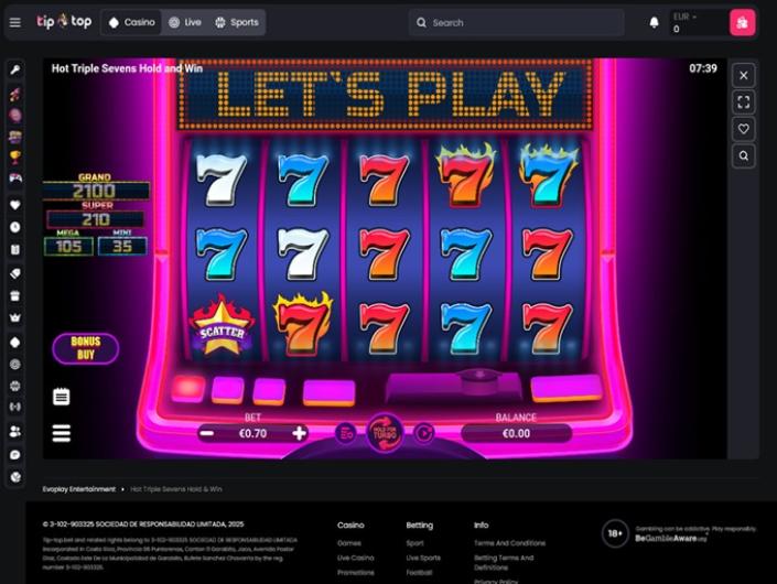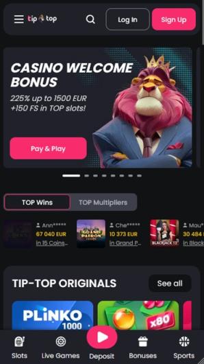 Tip-top.bet est une plateforme de jeu de pointe qui, outre les meilleurs jeux de casino en ligne, propose également une salle de paris sportifs innovante.
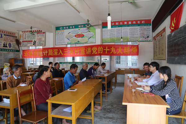 11月10日,玉林市统计局组建的党的十九大精神宣讲队,由党支部书记、副局长钟永新带队一行五人,深入市统计局帮扶联系的陆川县清湖镇三水村宣讲。
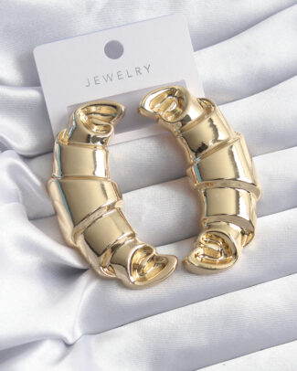 Pirinç Gold Renk Kruvasan Model Kadın Küpe
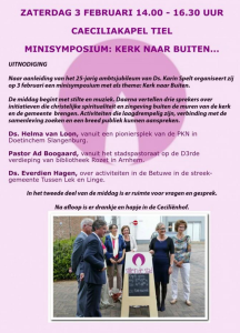 Naar aanleiding van het 25 jarig jubileum van Ds. Karin Spelt, organiseert zij 3 februari een minisymposium in de Caeciliakapel. | ||
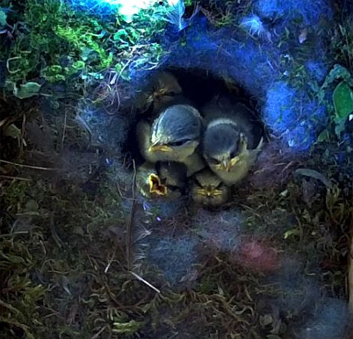 Unsere 5 Meisenkinder entwickeln sich prächtig. Ihre Augen haben sich geöffnet und sie beginnen sich bereits zu putzen. Zwei Drittel ihrer Nestlingszeit haben die Kleinen inzwischen schon hinter sich gebracht.
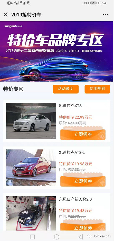 ◆關(guān)注【鄭州國(guó)際車展】官方微信,選擇【車展活動(dòng)】菜單,點(diǎn)擊【5折搶特價(jià)車】,即可參與搶特價(jià)車活動(dòng),選擇意向特價(jià)車型,獲得專屬搶特價(jià)車資格券,保存券號(hào),車展期間隨機(jī)抽取,成為準(zhǔn)車主。
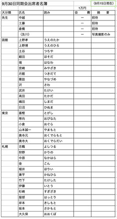 6月同期会の出席状況がだいたいまとまる。(上記参照)
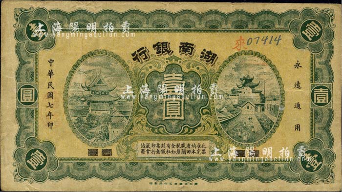 民国七年(1918年)湖南银行壹圆,发行于护法战争时期,史称“永州新银行”,少见,近八成新
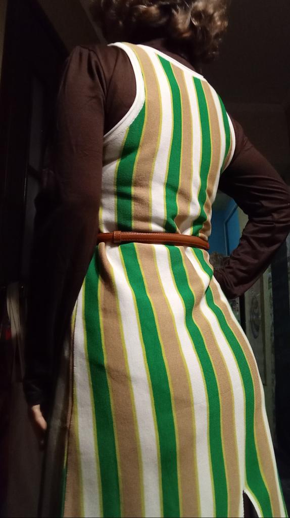 Just right for a 46. Ankle length. Looks good with any belt and without one. Only the bottom was sewn incorrectly, one side was rounded... Now I'm thinking what to do about this 😕

*What the task asks*:
A word-for-word copy is needed of the lines from the line holding "6月同期会の出席状況がだいたいまとまる。(上記参照)" through the end of the records, both included, excluding every picture.

*Answer space*:
 6月同期会の出席状況がだいたいまとまる。(上記参照)
 民国七年(1918年)湖南银行壹圆,发行于护法战争时期,史称“永州新银行”,少见,近八成新
 Just right for a 46. Ankle length. Looks good with any belt and without one. Only the bottom was sewn incorrectly, one side was rounded... Now I'm thinking what to do about this 😕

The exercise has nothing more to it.